Chaque heure est divisée en trois registres, la course solaire occupant le registre médian. Le paysage est entrecoupé de plans inclinés de couleur blanche, pourvus de portes qui doivent être ouvertes pour laisser passage au majestueux convoi, sous les acclamations bruyantes des babouins. Pourtant plus que d’un paysage, c’est de la description des êtres qui vivent dans l’au-delà et de leurs fonctions dont il est ici question.

Vieillissant et pourvu d’une tête de bélier, le soleil se tient dans la cabine de son vaisseau. Il est accompagné d’un équipage aux membres "puissants de magie", parmi lesquels on reconnaît Maât, Thot, Hathor, Horus, Horus-Hekenou, Seth, Héka, Sia etc.

En ce monde de devenir, le dieu semble renaître peu à peu pour s’extraire de sa défroque usée. La Cinquième Heure le voit approcher de la "Butte de Sokaris" où il semble dompter deux serpents ailés, alors qu’un scarabée s’extrayant difficilement des sables, amorce sa lente métamorphose.

La Sixième Heure le voit s’unir à son cadavre : il est donc un divin.

Le soleil traverse chacune des régions ténébreuses et le livre royal se transforme en guide pour nous indiquer pour chacune d’elles, ses noms et dimensions, ainsi que la liste des dieux qui y résident. Plusieurs régions, de la Troisième à la Septième Heure, sont visiblement d’essence osirienne. Le dieu des morts y apparaît comme une des manifestations du soleil mort. C’est en effet un soleil mourant, cherchant un second souffle, qui les traverse et revit lentement. Durant sa lente progression, le soleil passe devant ses ennemis, damnés et brûlés par la flamme de l’uraeus ou menacés par la lame acérée de Pakhet, la "Déchireuse". Certains seront d’ailleurs anéantis dans l’ "abattoir oriental".

Mais l’équipage doit rester de quart, l’oeil à l’affût de tout frémissement suspect à la surface des eaux. La Septième Heure voit survenir la menace de l’attaque d’Apophis, serpent personnifiant les forces du chaos et de l’incréé, aux dépens desquels se fait l’oeuvre cosmique du créateur solaire. Le serpent n’est pas un destructeur. Son attaque est plus sournoise. Il avale les eaux du fleuve et tente d’échouer la barque solaire sur un banc de sable pour stopper ou du moins retarder la progression du navire solaire. Du même coup, ce sont tous les cycles cosmiques qui risquent de se voir remis en cause.

A partir de la Septième Heure, une partie de l’énergie destructrice a été récupérée et tournée vers les ennemis du dieu, puisque la cabine est maintenant protégée par un serpent Mehen aux multiples replis, dans lesquels les défunts eux-mêmes s’enroulent pour en ressortir en tant qu’autant de "petits enfants". Dès lors, le soleil peut commencer sa "mue".
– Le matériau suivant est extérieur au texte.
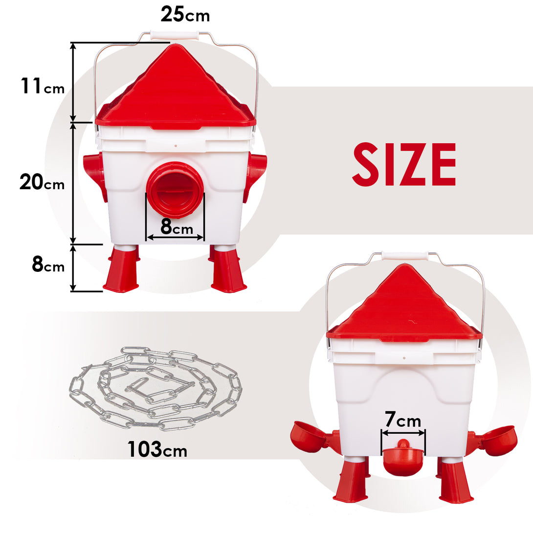 Comedero para gallinas sin desperdicio e impermeable: La tapa mantiene la comida limpia, el pico evita los derrames, puede contener hasta 6 kg de comida.

Lors de la Dixième Heure, la barque traverse une étendue d’eau où surnagent des noyés, dont Horus est chargé de récupérer les corps pour qu’ils ne s’y décomposent pas. Noyés dans les eaux du Nil supérieur, ils sont d’emblée divinisés et placés sous la protection divine.

Repoussé une première fois, Apophis ne lâche pas prise. Il réitérera son attaque lors de la Douzième Heure. Se transformant en "Gros chat", le dieu solaire massacre le serpent à l’aide d’une lame tranchante et voit sa victoire définitive sur les ténèbres et la dégénérescence sénile. Il peut alors quitter son ancienne enveloppe qui lui a servi de chrysalide et abandonner cette noire momie à la "porte de l’aube", où le serpent ambigu, devenu force positive, se joint aux génies pour hâler la barque solaire.

Changé en scarabée, il peut émerger à l’horizon oriental et répandre sur le monde des vivants son énergie renouvelée, par la chaleur de ses rayons, tout en gardant à l’esprit le combat qui reprendra inéluctablement la nuit suivante.